Many House lawmakers are sympathetic to the real estate industry’s concerns. Last year, more than 240 lawmakers signed a letter urging HUD to withdraw its proposed RESPA changes and work with the Fed on a simplified disclosure form (see story).

In a 300-114 vote May 7, the House approved HR 1728, a bill aimed at curbing predatory lending, which also included an amendment that would delay HUD’s RESPA rule changes for one year. It’s unclear whether Senate lawmakers will follow suit. …CONTINUED

Although the new GFE and proposed RESPA changes were drawn up during the Bush administration, Obama’s Secretary of Housing, Shaun Donovan, said last month that he remains committed to implementing the changes on Jan. 1 (see story).

In proposing the new disclosure forms and RESPA rule changes in March 2008, HUD said they would save consumers nearly $700 per loan, or $8.35 billion a year, by helping them shop for the best price on not only a mortgage, but settlement service like title insurance (see story). HUD has said the Fed’s TILA disclosure form emphasizes loan terms.

Asked if HUD still plans to implement the new disclosure forms and RESPA rule changes on New Year’s Day, a HUD spokesman today said Donovan "is already on record that the department is moving ahead with fully implementing the final RESPA rule come Jan. 1."

That means the Obama administration appears to be on a course in which it will require lenders to begin using HUD’s new RESPA disclosure forms on the first of the year, and then ask the new Consumer Financial Protection Agency to draw up new forms to replace them.

HUD estimates that more than 10,000 lenders would be affected by the proposed RESPA rule change, plus more than 4,000 credit unions that originate mortgages. Adopting the new disclosure forms and complying with the new RESPA rules will involve considerable time and expense.

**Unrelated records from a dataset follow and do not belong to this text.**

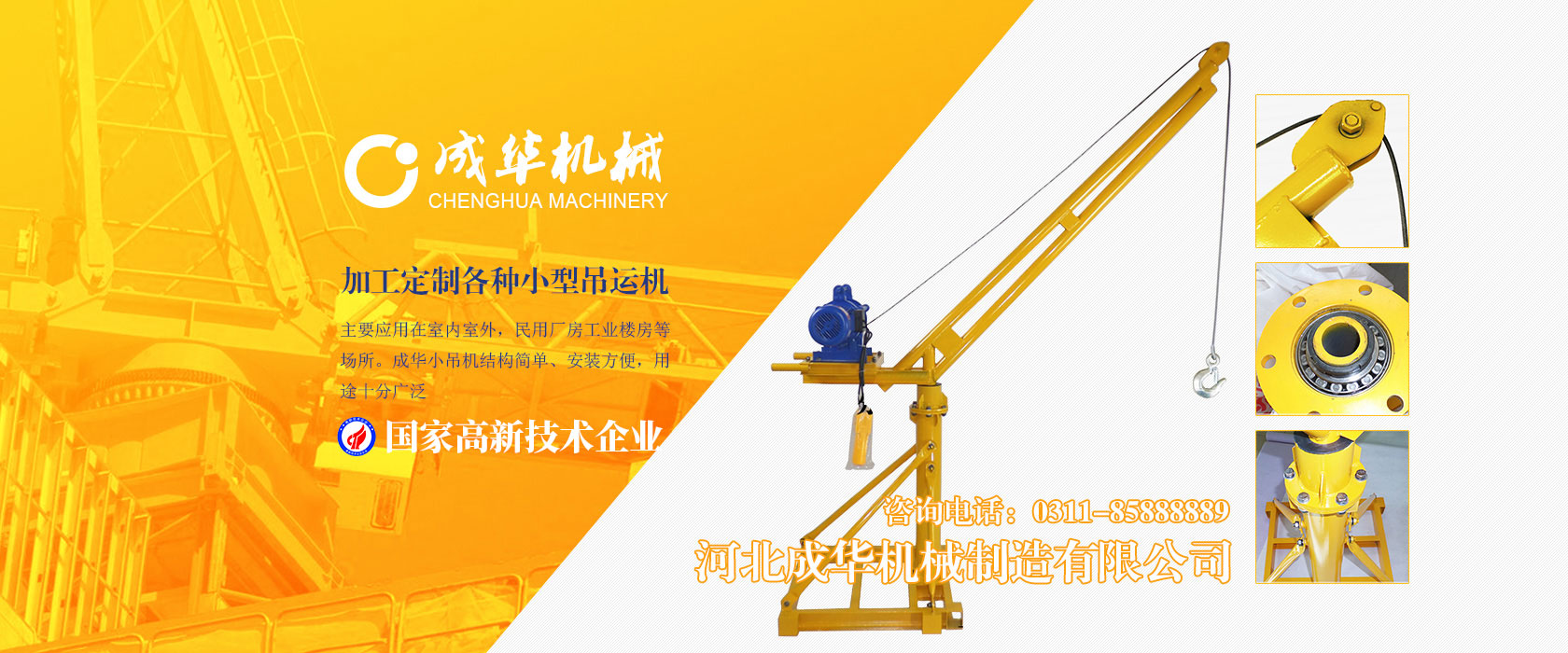 河北成華機械制造有限公司為國家高新技術(shù)企業(yè),旗下吊運機制造廠是家專業(yè)生產(chǎn)制造便攜式小吊機、手提式小吊機附屬工廠,我廠產(chǎn)品主要應(yīng)用在室內(nèi)室外,民用廠房工業(yè)樓房等場所。成華小吊機結(jié)構(gòu)簡單、安裝方便,用途十分廣泛,小吊機產(chǎn)品被廣泛應(yīng)用于機械制造、電子、汽車...
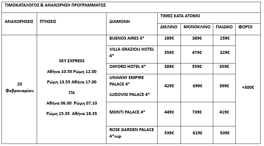 ΚΑΘΑΡΑ ΔΕΥΤΕΡΑ ΣΕ ΡΩΜΗ - ΒΑΤΙΚΑΝΟ - ΦΛΩΡΕΝΤΙΑ - 4 ΗΜΕΡΕΣ
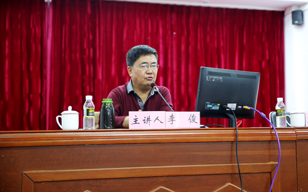 报告会上,李俊教授以《不忘初心、牢记使命,推进新时代“第五现代化”》为题,紧扣四中全会主题,运用生动的案例、详实的数据,深入浅出、通俗易懂地对全会精神进行解读,进一步加深了大家对四中全会精神的理解和领悟。
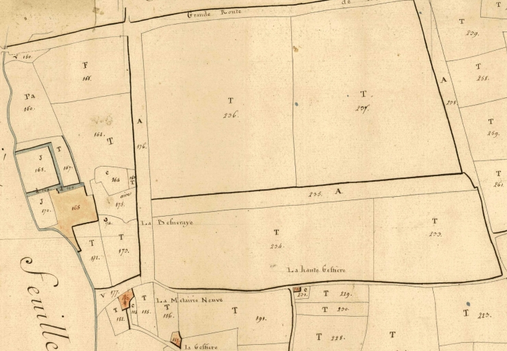 Pleumeleuc. Section E dite de la Besneraye, 1ère feuille. Anonyme [1809], échelle 1/2500 e. (A.D. Ille-et-Vilaine).
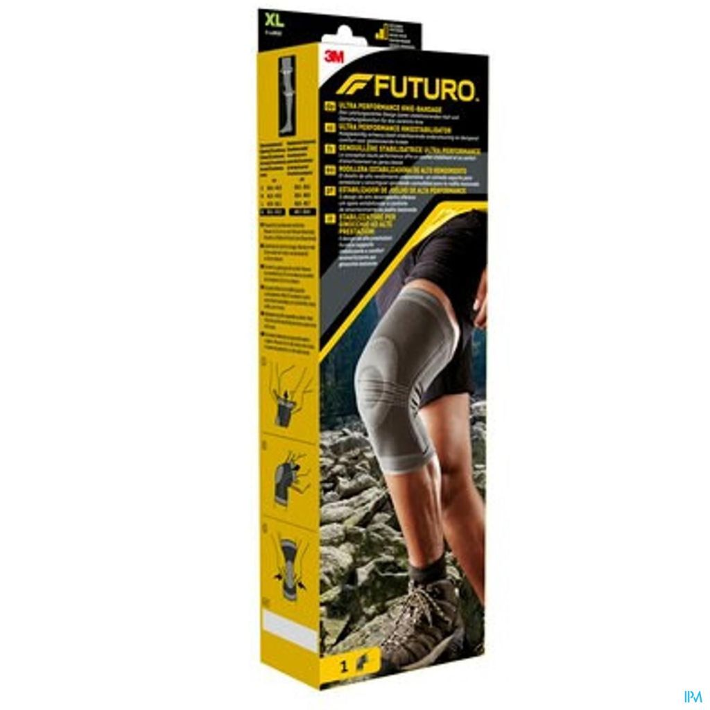 De FUTURO™ Ultra Performance kniestabilisator is ontworpen om uw geblesseerde knie te ondersteunen met matige stabiliserende steun. Deze comfortabele kniebrace is gemaakt van gebreide stof die in vier richtingen rekbaar is en heeft een gelring die uw knieschijf omsluit. Hij zorgt voor gerichte compressie rond uw blessure. Laterale stabilisatoren bieden extra steun en de siliconen afwerking zorgt voor een blijvende pasvorm, zelfs tijdens intensieve trainingen. Ademende eigenschappen laten zweet ontsnappen en het gestroomlijnde ontwerp is comfortabel om de hele dag te dragen. Kies dus voor de FUTURO™ Ultra Performance kniestabilisator en blijf actief.

In an impact analysis, HUD estimated that lenders and settlement services providers are facing $571 million in one-time costs to implement the changes, and will then face recurring compliance costs of $918 million a year, or $73.40 per loan.

The draft bill released by the Obama administration today would allow the Consumer Financial Protection Agency to hold off on drawing up a uniform mortgage disclosure form if it determines that "any proposal issued by (the Fed and HUD) carries out the same purpose."

Either way, lenders and settlement services providers like title insurers are faced with a dilemma because they must prepare to implement any changes well in advance. They could spend the money required to become compliant with HUD’s RESPA rule changes, only to see them suspended by Congress or superseded by the new disclosures to be drawn up by the Consumer Financial Protection Agency.

There are "lots of conflicting scenarios out there which create Excedrin-like headaches for lenders and other settlement service providers," said Philip Schulman, an attorney with K&L Gates who is an expert on RESPA issues.

It’s impossible to say whether or when a Consumer Financial Protection Agency will be created or if Congress will set aside implementation of HUD’s RESPA rule change, Schulman said.

"I think it is fair to say that neither (the protection agency nor congressional suspension of HUD’s RESPA rule) will be in effect on Jan. 1, 2010," Schulman said in an e-mail. "Therefore, all the industry can do at this point is gear up for the new GFE and HUD-1 scheduled to be in place on New Year’s Day."